Manchu Sections of Qing Routine Memorials on Legal Matters

Preetam Prakash

Preetam Prakash is a PhD student in the Department of History at Stanford University. His research focuses on Qing legal and political history and he is interested in the evolution of Qing law, and especially the case review process, over the course of the 17th and 18th centuries

Over the past few decades, in addition to those scholars working directly on Qing legal history, historians interested in a wide range of topics pertaining to Qing social history have come to incorporate routine memorials of the Board of Punishment (刑科題本), as well as other types of routine memorials related to criminal cases, into their work. These memorials, especially those dating from the late 17th to late 18th centuries, provide abundant details about various aspects of Qing society, such as marriage and land use practices. Many historians have been particularly interested in using these documents to explore the lives of commoners, access to which often proves elusive when employing other types of state documents and elite writings.
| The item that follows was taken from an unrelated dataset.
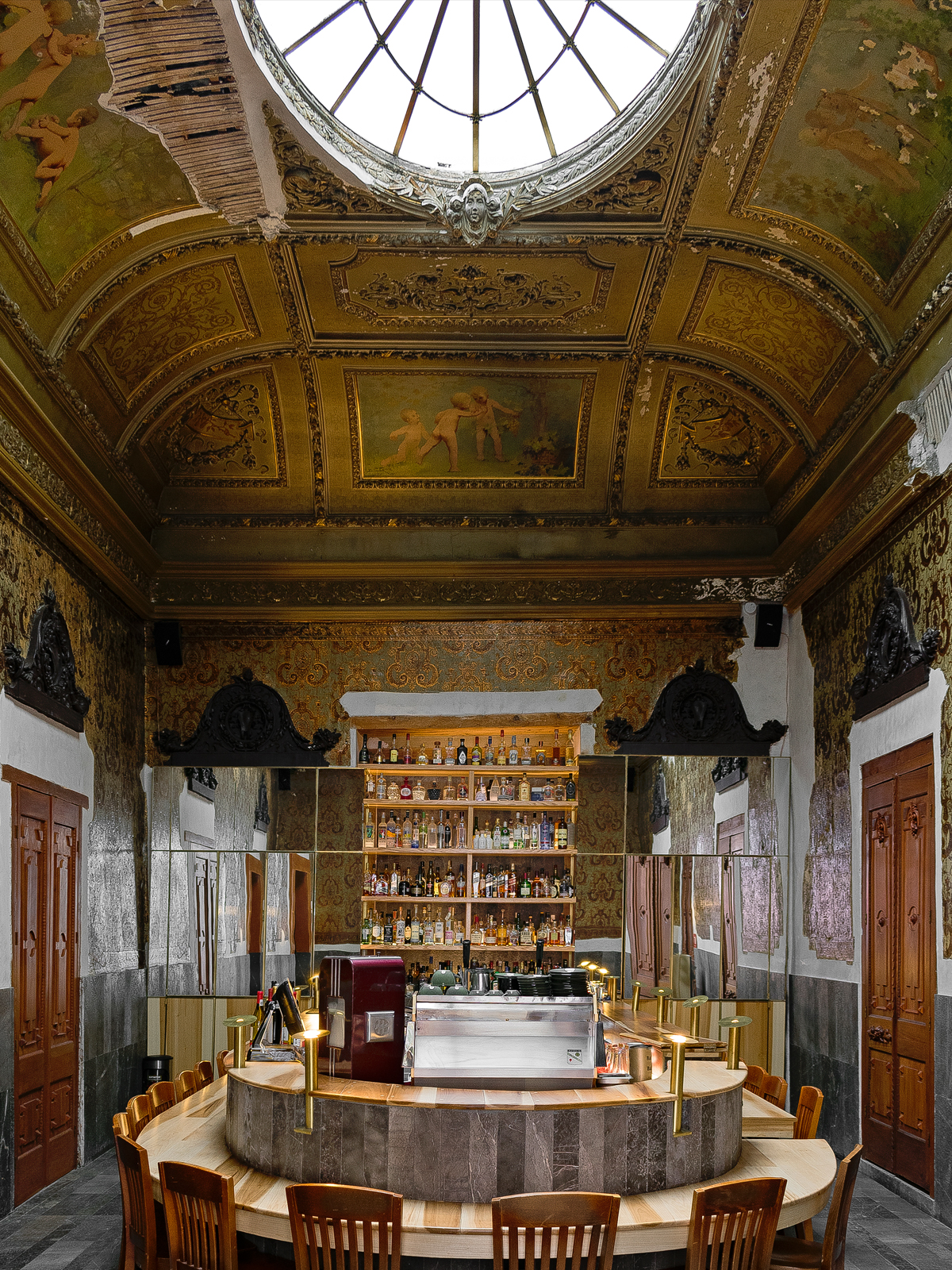 La restauración de la primera planta de una casa aristocrática de mediados del siglo XlX ubicada en el corazón de la Ciudad de México, con una última intervención y abandono de más de treinta años. Dejo una panorama de miles de capas de intervenciones arquitectónicas, recuerdos y objetos libres a indagar, inspeccionar y seleccionar o sustraer. Su adaptación para restaurante, permitió el diseño de interiores, el diseño de mobiliario, y la dirección creativa de identidad.

Cases related to “illicit sex”(姦), and more particularly to “sodomy” (鷄姦), are among those that have received considerable attention from Qing historians. The research that has been conducted into these topics has established that from the Yongzheng reign (1723-1735) on, the Qing state was increasingly preoccupied with regulating a wide range of sexual behavior, including widow “adultery” and sexual acts that involved two men. This was reflected in the growing legislation that explicitly targeted such behavior for punishment in the 18th century. To date, however, no scholars appear to have examined the Manchu sections that accompany the Chinese text in a good portion of the routine memorials that touch on these issues, especially those from the early and middle Qing.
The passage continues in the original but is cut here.